▶ **RECORDS SHOWN**:
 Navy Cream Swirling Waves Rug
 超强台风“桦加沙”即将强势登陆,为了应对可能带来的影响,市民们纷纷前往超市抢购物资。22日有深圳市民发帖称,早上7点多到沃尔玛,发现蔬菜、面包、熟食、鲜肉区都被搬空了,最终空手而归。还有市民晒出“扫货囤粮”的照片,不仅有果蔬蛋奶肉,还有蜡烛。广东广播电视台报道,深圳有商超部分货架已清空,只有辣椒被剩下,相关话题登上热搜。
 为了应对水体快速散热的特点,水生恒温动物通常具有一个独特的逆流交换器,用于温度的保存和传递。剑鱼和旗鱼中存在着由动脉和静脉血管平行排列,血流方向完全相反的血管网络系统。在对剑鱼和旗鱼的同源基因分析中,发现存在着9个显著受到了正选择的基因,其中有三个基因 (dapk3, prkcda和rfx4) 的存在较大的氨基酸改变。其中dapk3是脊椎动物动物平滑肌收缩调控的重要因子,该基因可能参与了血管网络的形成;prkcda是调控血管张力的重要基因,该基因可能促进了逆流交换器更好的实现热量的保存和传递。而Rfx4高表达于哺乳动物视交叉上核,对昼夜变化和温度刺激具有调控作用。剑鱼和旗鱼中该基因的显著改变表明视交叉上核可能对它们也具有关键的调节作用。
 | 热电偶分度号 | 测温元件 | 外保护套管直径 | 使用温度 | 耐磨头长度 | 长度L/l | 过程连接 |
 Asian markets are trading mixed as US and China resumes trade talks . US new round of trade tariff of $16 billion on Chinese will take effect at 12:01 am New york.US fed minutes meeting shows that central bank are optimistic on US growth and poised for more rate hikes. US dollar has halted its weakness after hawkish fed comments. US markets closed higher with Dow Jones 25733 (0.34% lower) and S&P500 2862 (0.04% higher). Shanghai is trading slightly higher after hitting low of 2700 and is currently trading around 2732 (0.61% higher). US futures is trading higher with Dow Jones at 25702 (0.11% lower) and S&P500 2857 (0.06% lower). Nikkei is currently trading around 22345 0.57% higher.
--
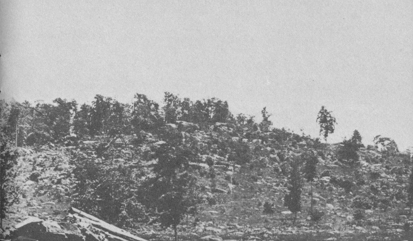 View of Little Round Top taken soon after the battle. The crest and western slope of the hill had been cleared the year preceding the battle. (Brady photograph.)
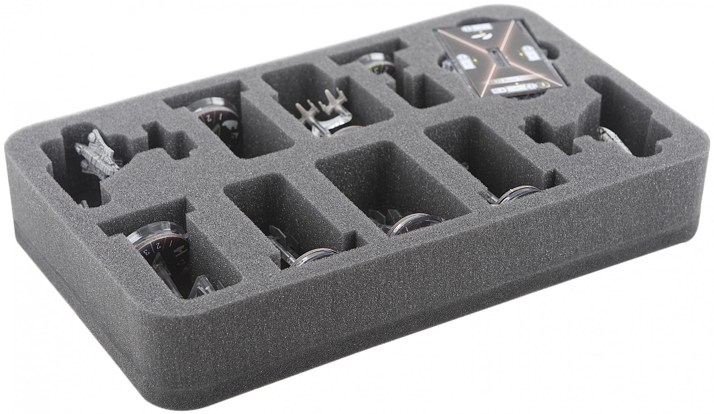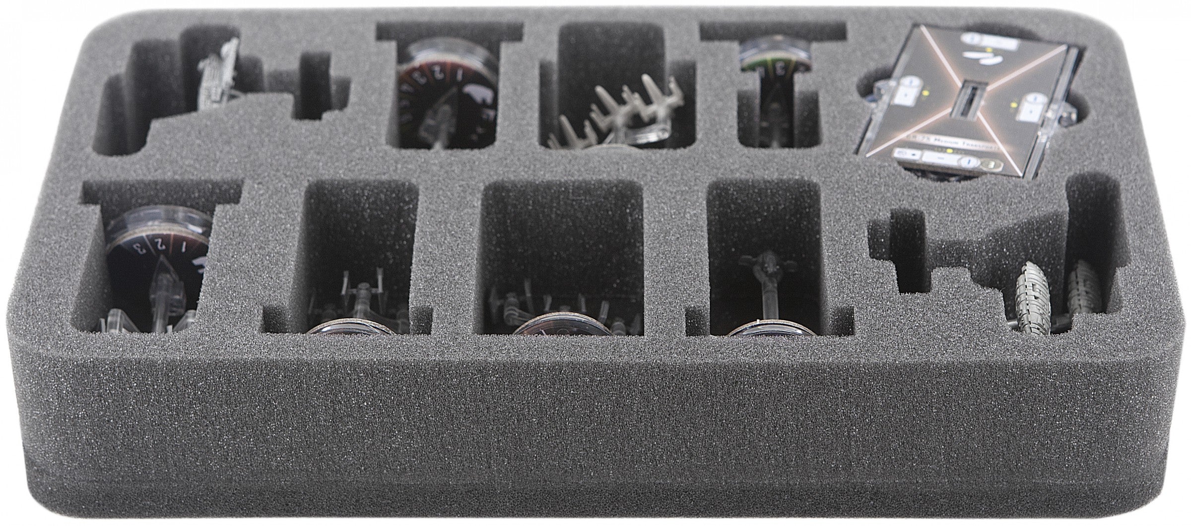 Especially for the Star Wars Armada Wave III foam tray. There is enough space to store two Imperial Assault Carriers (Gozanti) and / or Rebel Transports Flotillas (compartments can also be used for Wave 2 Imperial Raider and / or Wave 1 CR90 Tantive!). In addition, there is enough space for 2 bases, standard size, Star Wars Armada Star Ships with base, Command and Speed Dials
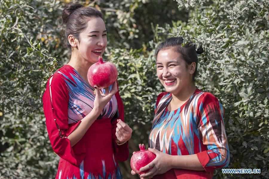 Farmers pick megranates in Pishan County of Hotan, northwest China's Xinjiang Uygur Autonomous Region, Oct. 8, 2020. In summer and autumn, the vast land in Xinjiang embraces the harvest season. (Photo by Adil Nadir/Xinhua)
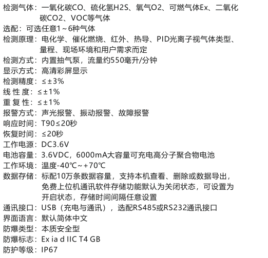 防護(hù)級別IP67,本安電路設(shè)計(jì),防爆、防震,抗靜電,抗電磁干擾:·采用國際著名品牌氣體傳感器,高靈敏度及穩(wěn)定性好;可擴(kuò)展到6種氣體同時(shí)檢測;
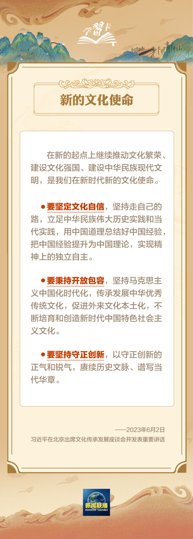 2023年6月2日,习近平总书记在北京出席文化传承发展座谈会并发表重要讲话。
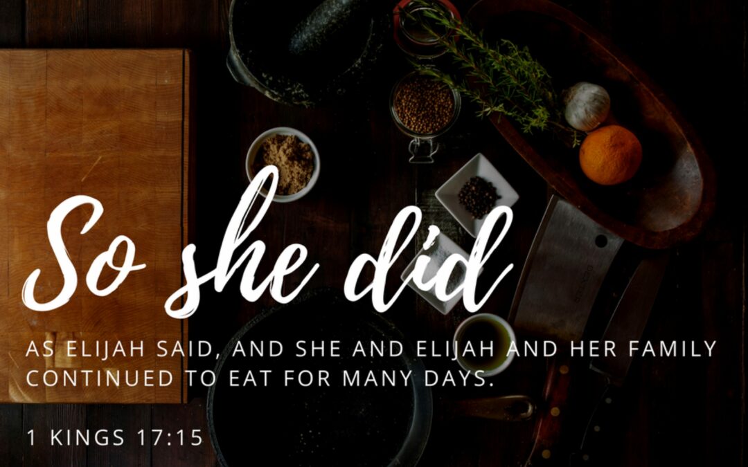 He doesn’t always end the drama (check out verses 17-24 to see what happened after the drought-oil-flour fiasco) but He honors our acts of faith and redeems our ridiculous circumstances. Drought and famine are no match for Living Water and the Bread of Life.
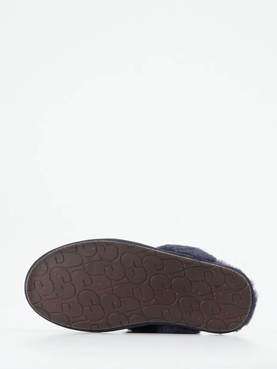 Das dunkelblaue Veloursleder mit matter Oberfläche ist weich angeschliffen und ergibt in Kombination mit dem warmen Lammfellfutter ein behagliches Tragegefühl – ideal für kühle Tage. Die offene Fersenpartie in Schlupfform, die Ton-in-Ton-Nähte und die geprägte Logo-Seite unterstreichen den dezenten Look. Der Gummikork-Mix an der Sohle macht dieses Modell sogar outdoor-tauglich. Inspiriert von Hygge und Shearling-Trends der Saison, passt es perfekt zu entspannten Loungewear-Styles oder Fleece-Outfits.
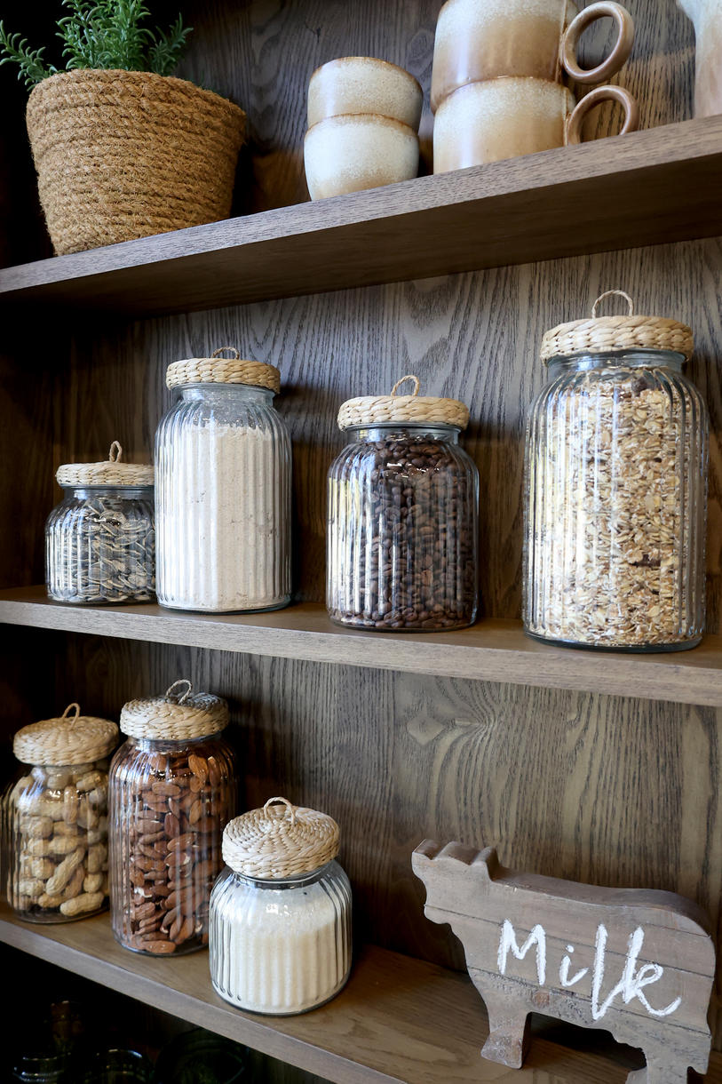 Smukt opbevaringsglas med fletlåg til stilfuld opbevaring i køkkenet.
---
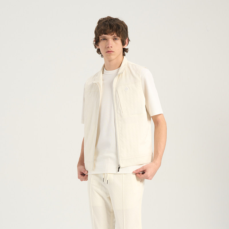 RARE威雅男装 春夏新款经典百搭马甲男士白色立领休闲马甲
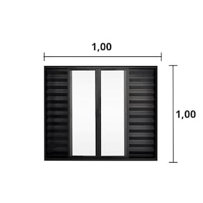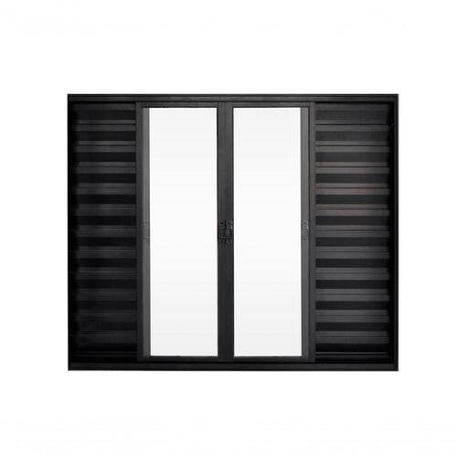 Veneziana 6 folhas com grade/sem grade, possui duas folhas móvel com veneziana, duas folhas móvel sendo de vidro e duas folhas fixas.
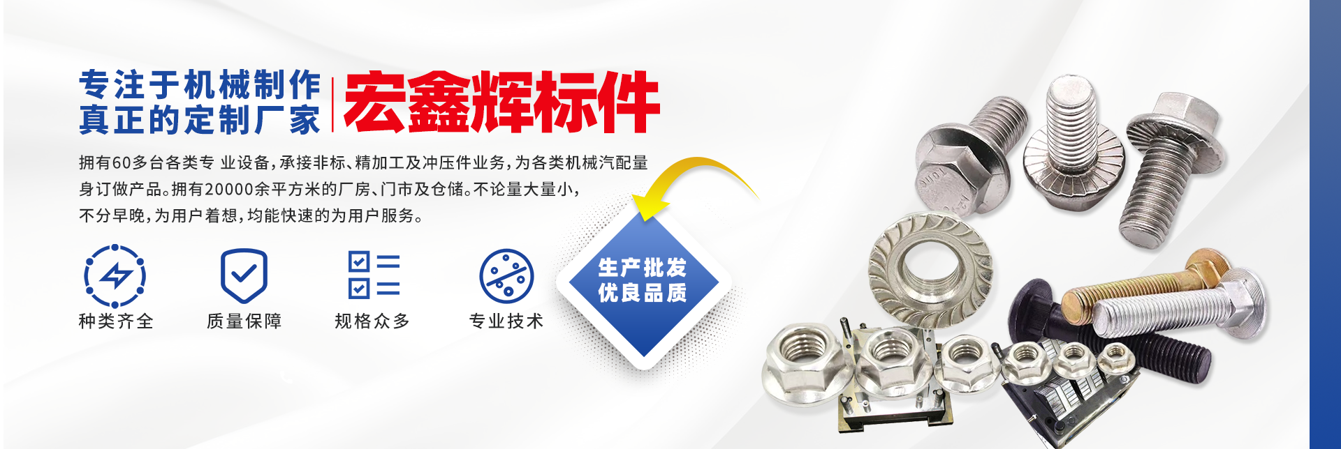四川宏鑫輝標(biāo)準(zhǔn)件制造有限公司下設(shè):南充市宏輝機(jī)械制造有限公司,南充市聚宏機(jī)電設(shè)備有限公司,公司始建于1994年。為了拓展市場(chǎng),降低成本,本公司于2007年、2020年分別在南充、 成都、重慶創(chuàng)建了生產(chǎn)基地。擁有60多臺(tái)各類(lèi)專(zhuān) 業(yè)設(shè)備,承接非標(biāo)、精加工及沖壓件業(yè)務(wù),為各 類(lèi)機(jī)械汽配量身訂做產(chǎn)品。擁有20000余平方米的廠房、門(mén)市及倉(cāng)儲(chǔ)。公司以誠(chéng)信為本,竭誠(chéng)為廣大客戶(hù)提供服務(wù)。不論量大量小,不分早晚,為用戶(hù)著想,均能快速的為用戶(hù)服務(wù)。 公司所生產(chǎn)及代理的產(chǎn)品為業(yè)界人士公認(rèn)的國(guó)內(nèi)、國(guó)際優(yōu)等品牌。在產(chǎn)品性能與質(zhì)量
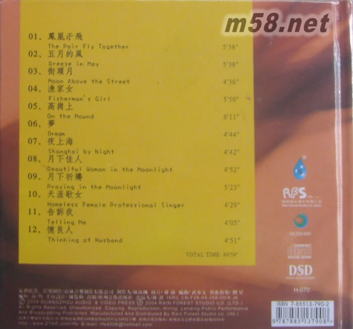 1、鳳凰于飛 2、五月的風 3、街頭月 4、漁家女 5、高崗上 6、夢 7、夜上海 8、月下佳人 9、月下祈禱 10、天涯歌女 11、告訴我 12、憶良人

▶ **WORK ITEM**: Every line above from the line with "Navy Cream Swirling Waves Rug" to the line with "长度L/l | 过程连接 |" is wanted, ends included; write them out exactly and add no other line.

▶ **RESULT**:
 Navy Cream Swirling Waves Rug
 超强台风“桦加沙”即将强势登陆,为了应对可能带来的影响,市民们纷纷前往超市抢购物资。22日有深圳市民发帖称,早上7点多到沃尔玛,发现蔬菜、面包、熟食、鲜肉区都被搬空了,最终空手而归。还有市民晒出“扫货囤粮”的照片,不仅有果蔬蛋奶肉,还有蜡烛。广东广播电视台报道,深圳有商超部分货架已清空,只有辣椒被剩下,相关话题登上热搜。
 为了应对水体快速散热的特点,水生恒温动物通常具有一个独特的逆流交换器,用于温度的保存和传递。剑鱼和旗鱼中存在着由动脉和静脉血管平行排列,血流方向完全相反的血管网络系统。在对剑鱼和旗鱼的同源基因分析中,发现存在着9个显著受到了正选择的基因,其中有三个基因 (dapk3, prkcda和rfx4) 的存在较大的氨基酸改变。其中dapk3是脊椎动物动物平滑肌收缩调控的重要因子,该基因可能参与了血管网络的形成;prkcda是调控血管张力的重要基因,该基因可能促进了逆流交换器更好的实现热量的保存和传递。而Rfx4高表达于哺乳动物视交叉上核,对昼夜变化和温度刺激具有调控作用。剑鱼和旗鱼中该基因的显著改变表明视交叉上核可能对它们也具有关键的调节作用。
 | 热电偶分度号 | 测温元件 | 外保护套管直径 | 使用温度 | 耐磨头长度 | 长度L/l | 过程连接 |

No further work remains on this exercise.